Work item: For each record below, output its text exactly and skip any picture.

◆ ◆ ◆ ◆

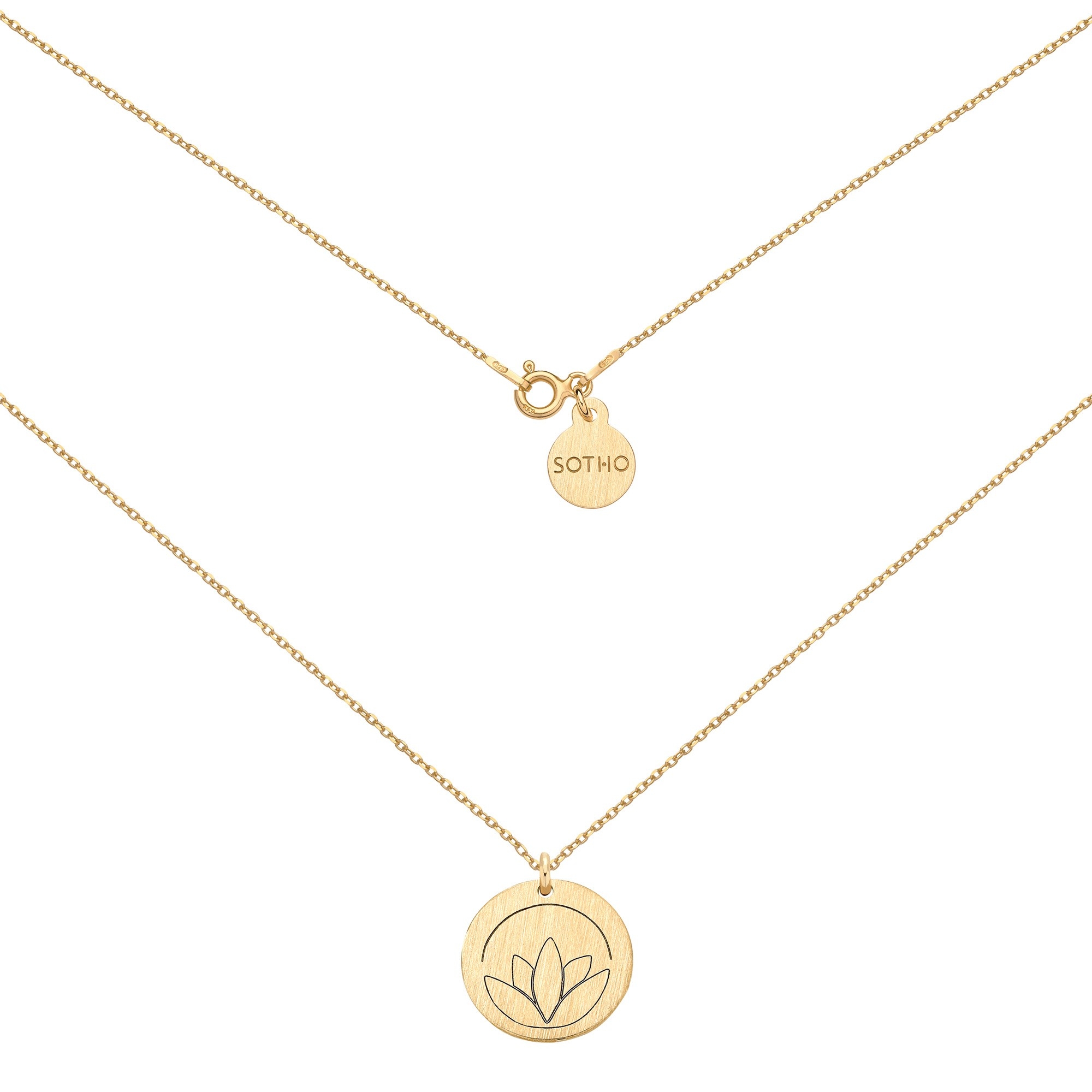 Złoty matowy medalion z lotosem i zawieszką z logo marki. Całość wykonana ze srebra 925 powlekanego 24 karatowym żółtym złotem.
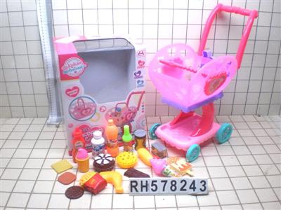 购物推车配蔬菜+5个小盒子 16PCS(两色混装)
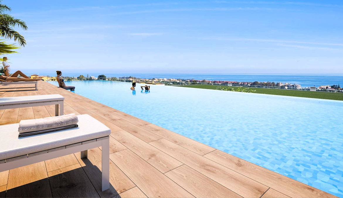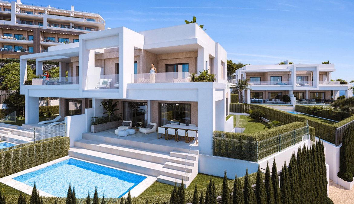 Luxury semi-detached villas, in Selwo-New golden Mile, within few minutes to Puerto Banús and Estepona, in a gated exclusive community full of amenities with gym, spa, coworking, paddle, jacuzzis, summer pool for adults and children, infinity heated pool with panoramic sea views, children playgrounds and security entrance.
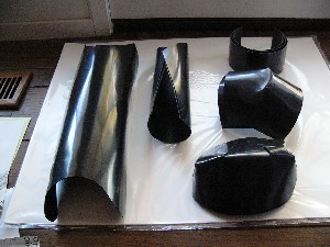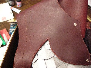 to the garment. It is attached with 8 rivets. There are grommets in the base garment where the rivets pass
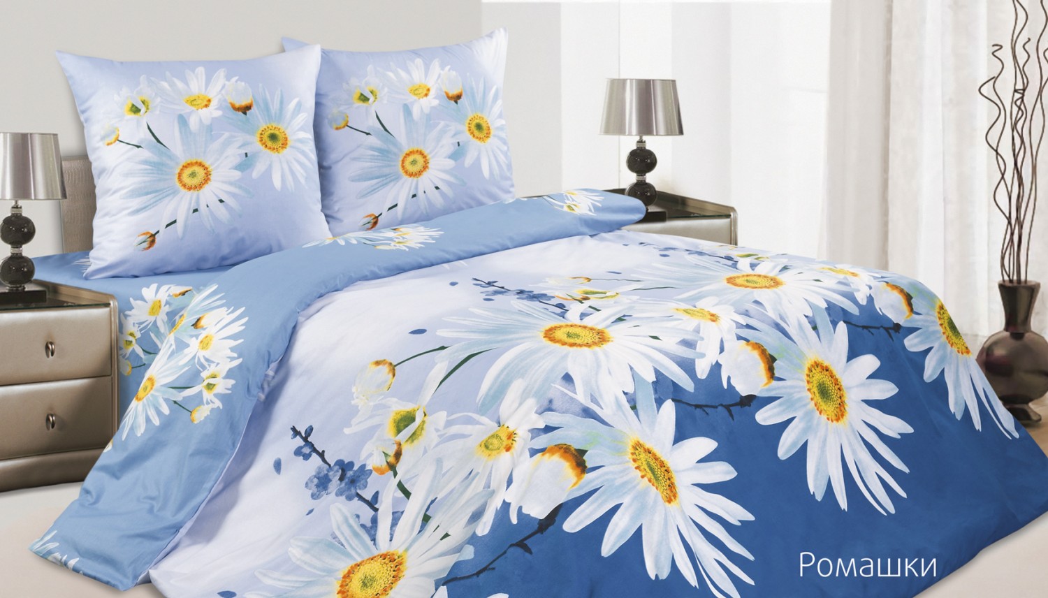 Комплект постельного белья «Ромашки» изготовлен из высококачественного поплина, который позволяет коже дышать в течение всей ночи, обладает расслабляющим эффектом. Насладившись полноценным сном, Вы проснетесь наутро с новым зарядом энергии и хорошего настроения.
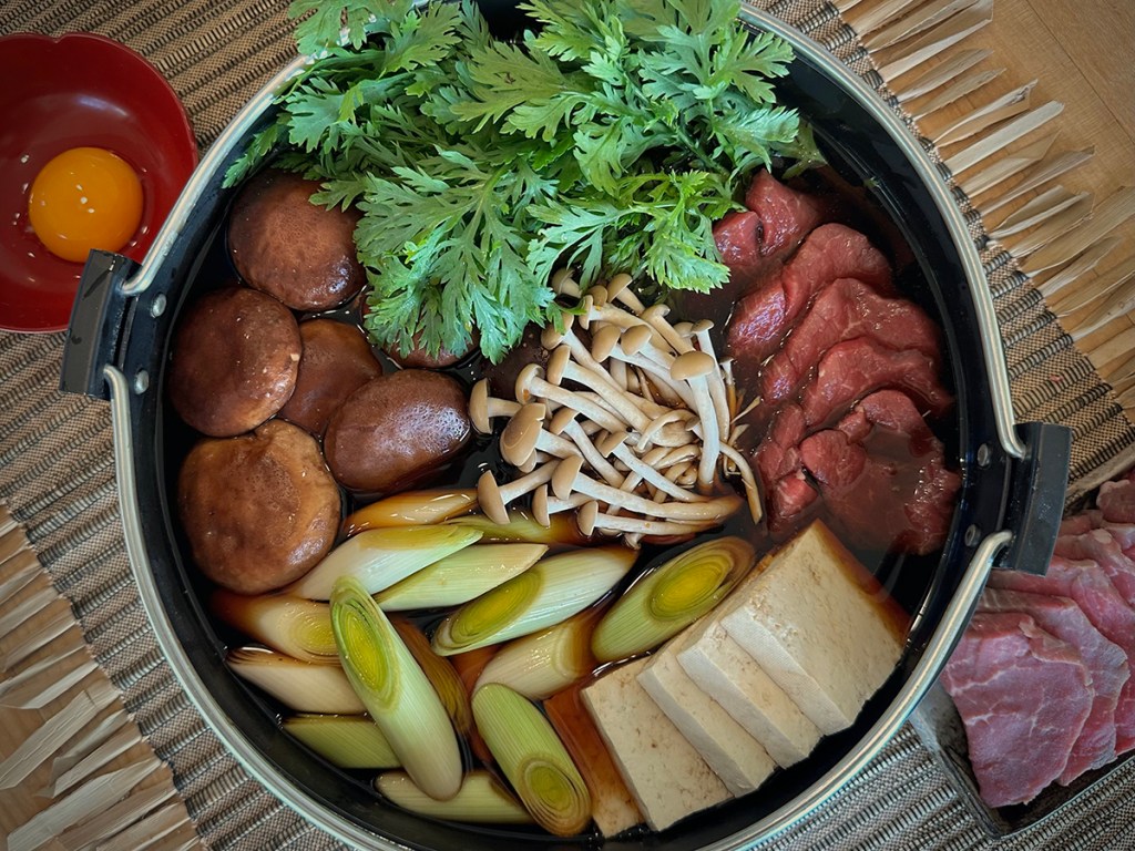 Sukiyaki is traditionally served with a lightly beaten raw egg in a small side bowl at each seat, to use as a dipping sauce for the hot meat, tofu and vegetables. If you’re uncomfortable with that, you can leave it out, but as it combines with the sauce on the meat and veggies it does add a deep & authentic-tasting savoriness.
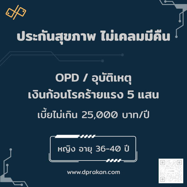 ประกันสุขภาพ ไม่เคลมมีคืน แผนนี้รวม OPD, IPD, อุบัติเหตุ และเงินก้อนโรคร้ายแรง 5 แสนบาทไว้ในฉบับเดียว นอกจากนี้ ยังมีส่วนลดปีถัดไปในกรณีที่ไม่มีการเคลม ซึ่งเหมาะอย่างยิ่งกับผู้หญิงวัย 36–40 ปีที่ต้องการความคุ้มครองครบและคุ้มค่าในระยะยาว
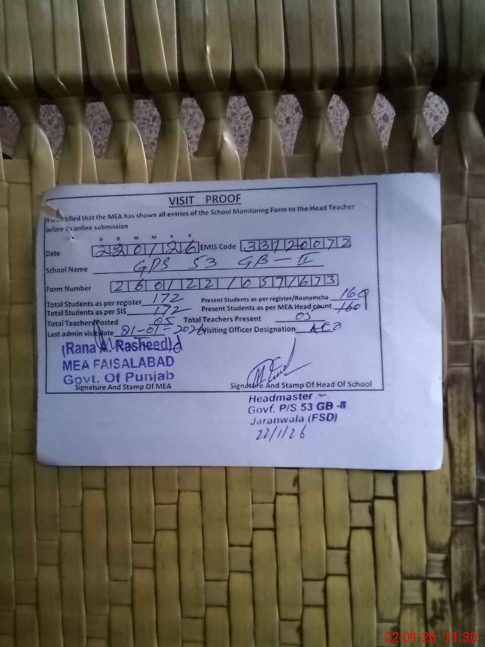 | EMIS Code: 33120072 | Name of School: GPS CHAK 53 GB II | |||
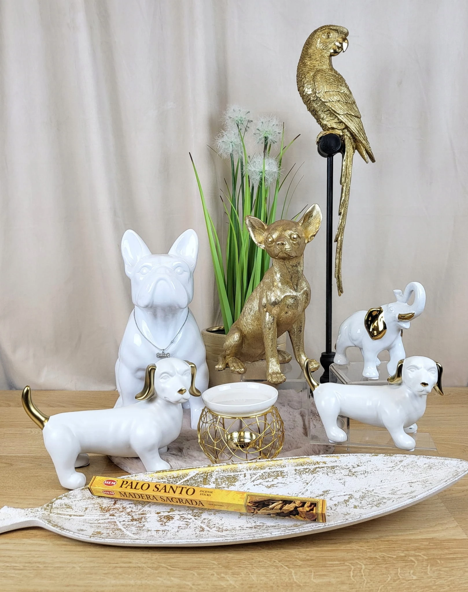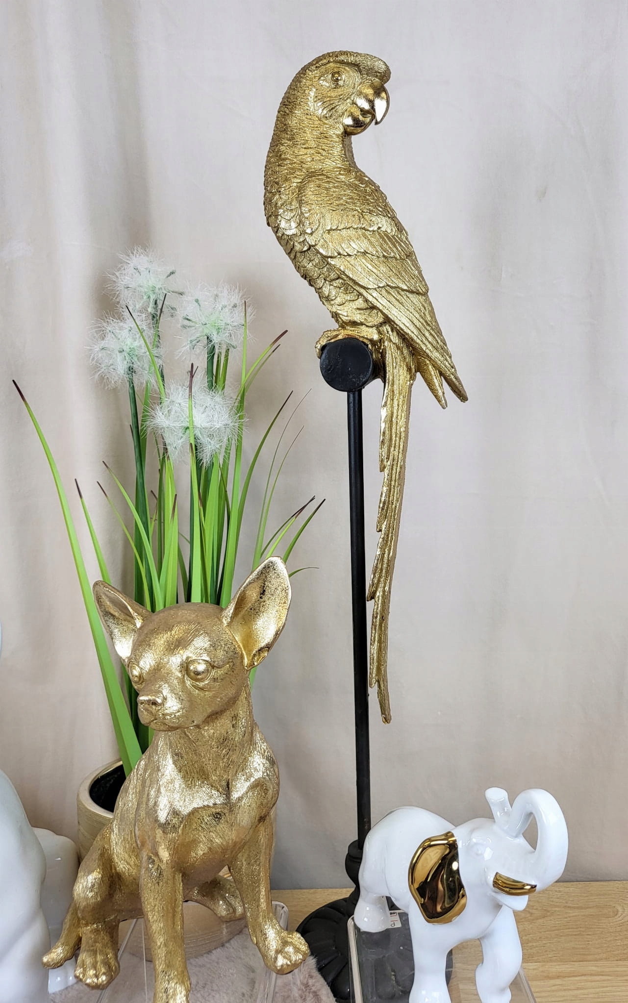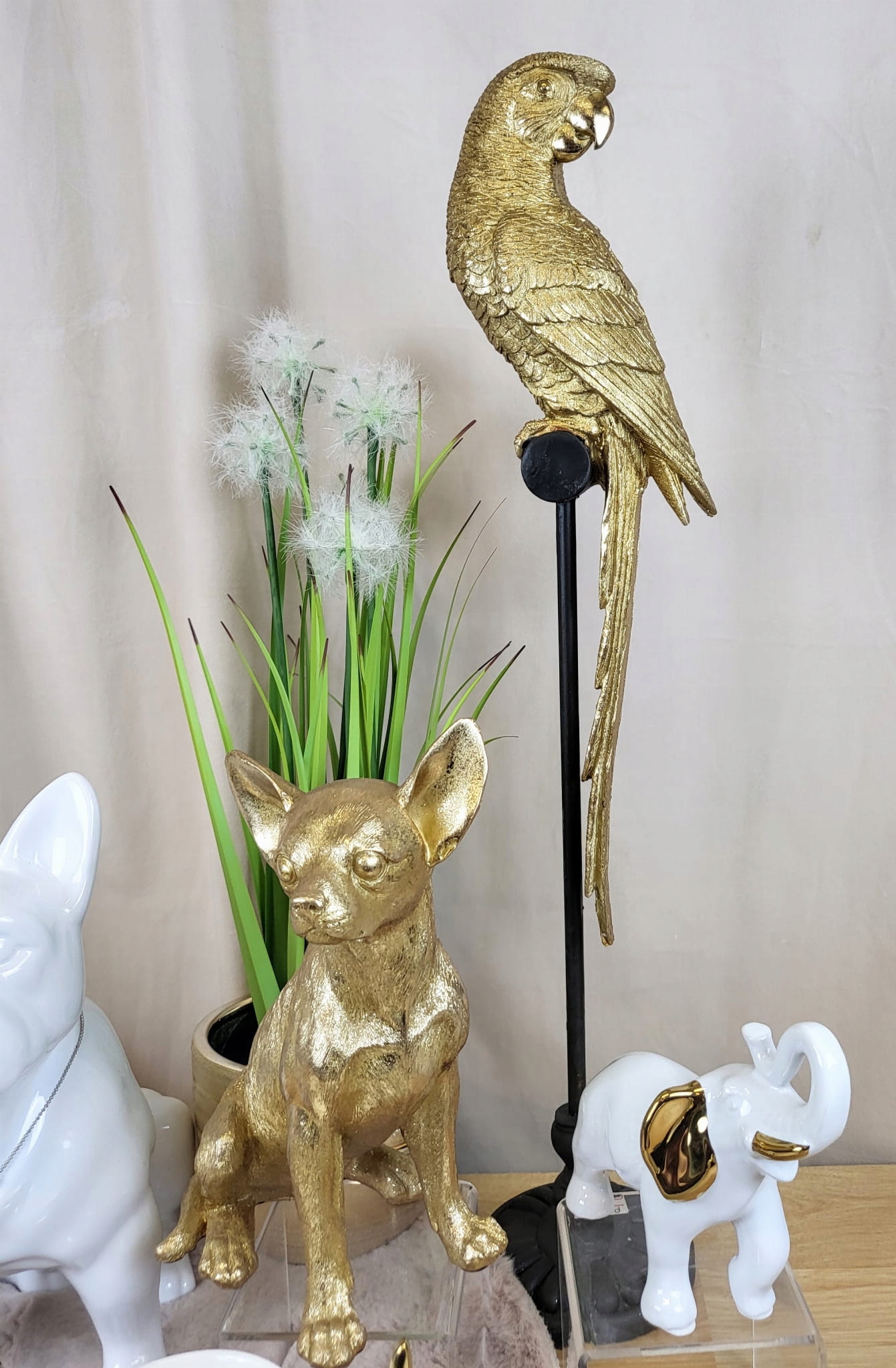 Złota figurka siedzącego pieska chihuahua

◆ ◆ ◆ ◆

Worked solution:
 Złoty matowy medalion z lotosem i zawieszką z logo marki. Całość wykonana ze srebra 925 powlekanego 24 karatowym żółtym złotem.
 购物推车配蔬菜+5个小盒子 16PCS(两色混装)
 Luxury semi-detached villas, in Selwo-New golden Mile, within few minutes to Puerto Banús and Estepona, in a gated exclusive community full of amenities with gym, spa, coworking, paddle, jacuzzis, summer pool for adults and children, infinity heated pool with panoramic sea views, children playgrounds and security entrance.
 to the garment. It is attached with 8 rivets. There are grommets in the base garment where the rivets pass
 Комплект постельного белья «Ромашки» изготовлен из высококачественного поплина, который позволяет коже дышать в течение всей ночи, обладает расслабляющим эффектом. Насладившись полноценным сном, Вы проснетесь наутро с новым зарядом энергии и хорошего настроения.
 Sukiyaki is traditionally served with a lightly beaten raw egg in a small side bowl at each seat, to use as a dipping sauce for the hot meat, tofu and vegetables. If you’re uncomfortable with that, you can leave it out, but as it combines with the sauce on the meat and veggies it does add a deep & authentic-tasting savoriness.
 ประกันสุขภาพ ไม่เคลมมีคืน แผนนี้รวม OPD, IPD, อุบัติเหตุ และเงินก้อนโรคร้ายแรง 5 แสนบาทไว้ในฉบับเดียว นอกจากนี้ ยังมีส่วนลดปีถัดไปในกรณีที่ไม่มีการเคลม ซึ่งเหมาะอย่างยิ่งกับผู้หญิงวัย 36–40 ปีที่ต้องการความคุ้มครองครบและคุ้มค่าในระยะยาว
 | EMIS Code: 33120072 | Name of School: GPS CHAK 53 GB II | |||
 Złota figurka siedzącego pieska chihuahua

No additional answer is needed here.